As you can see, we're talking about some pretty small particles. And the better job you do of keeping those small particles from your hydraulic components, the longer your components will last.

Types of Filters

Suction Strainer - A suction strainer is typically installed in the tank or reservoir. Most suction strainers are 100 mesh (149 micron), and are designed to keep really big contaminant particles from reaching your pump. The big concern with suction strainers is you run the risk of cavitating your pump if they get clogged. Suction strainers don't do a real good job of filtering your fluid.

Pressure Filter - A pressure filter is typically placed inline, just after your hydraulic pump or just before an especially sensitive component (such as a servo valve). Because of the relatively high initial cost of the filter and the relatively high price of replacement elements, pressure filters are typically used on systems with servo valves. Pressure filters are typically rated from 3 to 8 micron and have polyester or wire mesh media. The effectiveness of pressure filters is expressed as a beta ratio.

Return Line Filter - The return line filter goes downstream of the components in your system. It is typically mounted on your reservoir and filters your hydraulic fluid just before the fluid returns to the reservoir. Return line filters are typically rated for 10 micron (sometimes 25 micron), and have media made of paper or polyester.

Kidney Loop Filter - This really isn't a kind of filter, but rather a filtering system whereyou use an auxiliary pump to draw fluid from one portion of your reservoir, pump it through a filter, and then return the fluid to tank.

Filter Buggy - Another filtering system. A filter buggy is typically connected to a hydraulic reservoir on a regularly scheduled basis to provide supplemental filtration. Manycompanies install downlines with quick disconnect couplers on their reservoirs, allowing the filter buggy to be easily hooked up to the reservoir.
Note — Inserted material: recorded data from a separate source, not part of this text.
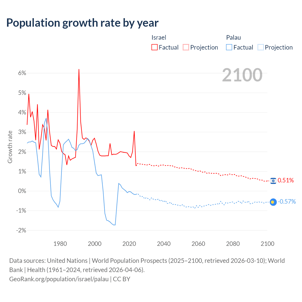 - For the last 10 years, Israel has had an average growth rate of +1.96% per year vs +0.02% in Palau.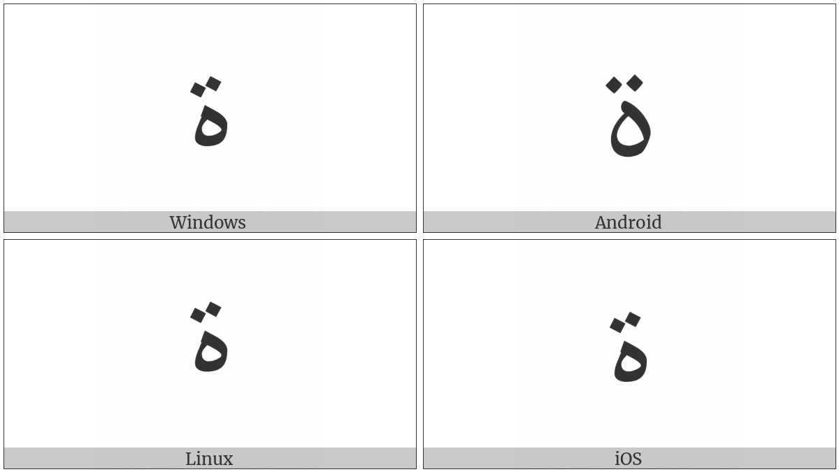 The image below shows how the “Arabic Letter Teh Marbuta Isolated Form” symbol might look like on different operating systems. If the font in which this web site is displayed does not contain the symbol and there is no fallback font able to render it, you can use the image below to get an idea of what it should look like.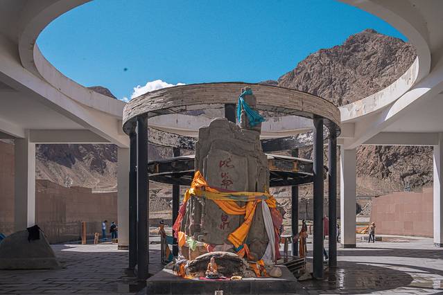 这里据说是姜子牙的得道地,有姜子牙及其坐骑四不象的雕像,还供奉着十世班禅大师像。这里是道教昆仑派的道场,没什么游人,也不要门票,它从格尔木出发去可可西里或者进藏,都会经过这里。无极龙凤宫广场的正前方供奉有姜子牙的立像,但见他神情庄严望向远方,仿佛淡看数千年的沧海桑田。昆仑山作为“万山之祖”和道教的发源地,各种传说不计其数,据说道教昆仑派就是在这里诞生的。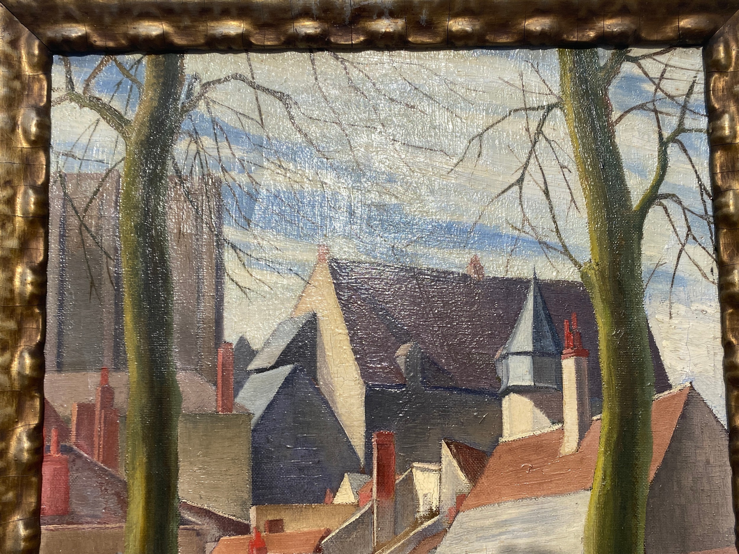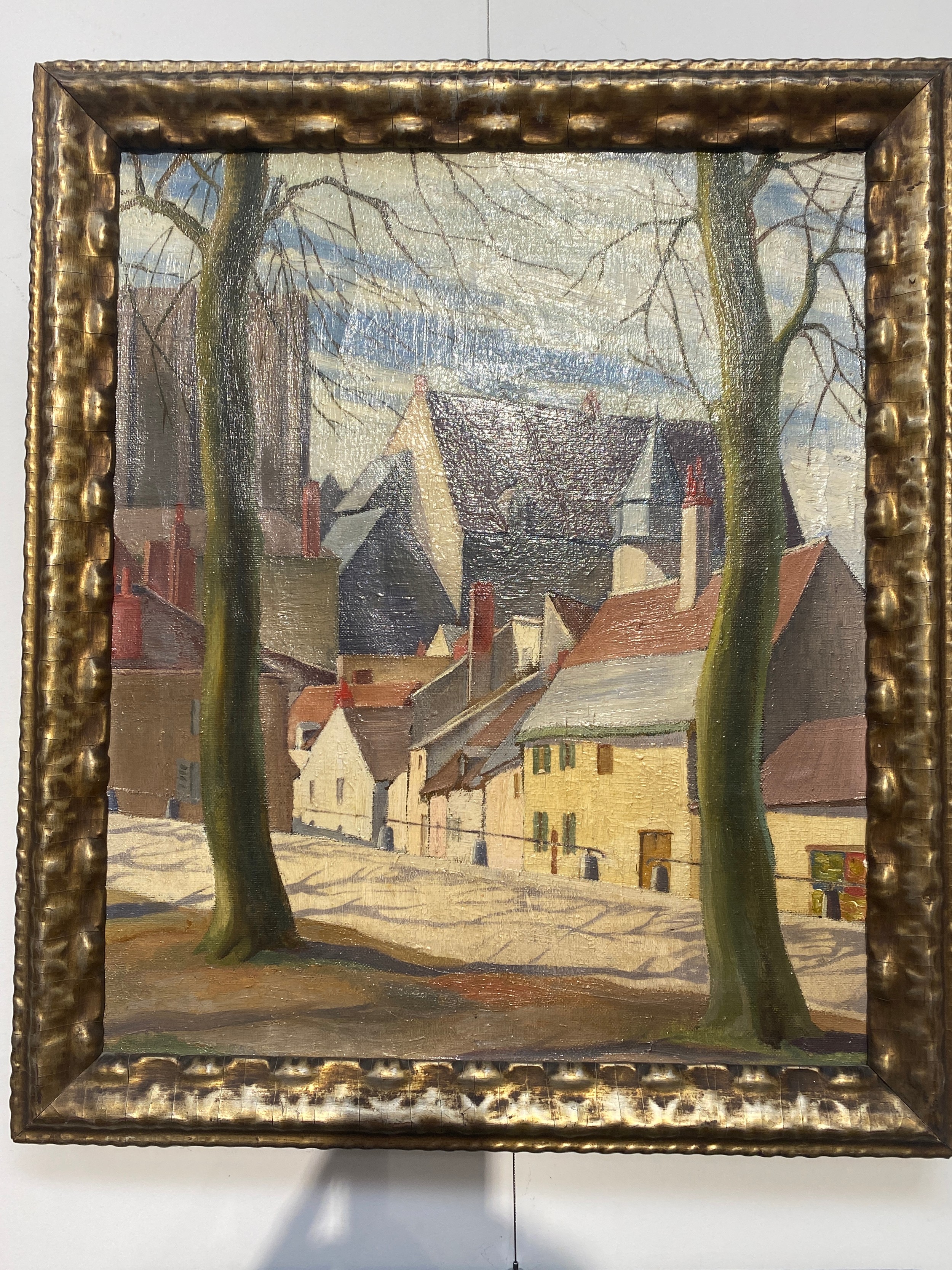 JAMES H HOGAN; Oil on canvas depicting Continental town, roo...

Hydraulic Reservoir - A well designed hydraulic reservoir will help filter your hydraulic fluid. The reservoir will have a baffle and the suction port will be on one side of the baffle while the return line is on the other side of the baffle - forcing the hydraulic fluid to travel all the way around the outside of the reservoir as it travels from the return line to the suction line. As the fluid makes the long trip around the reservoir, contamination drops out of the fluid and accumulates on the bottom of the reservoir.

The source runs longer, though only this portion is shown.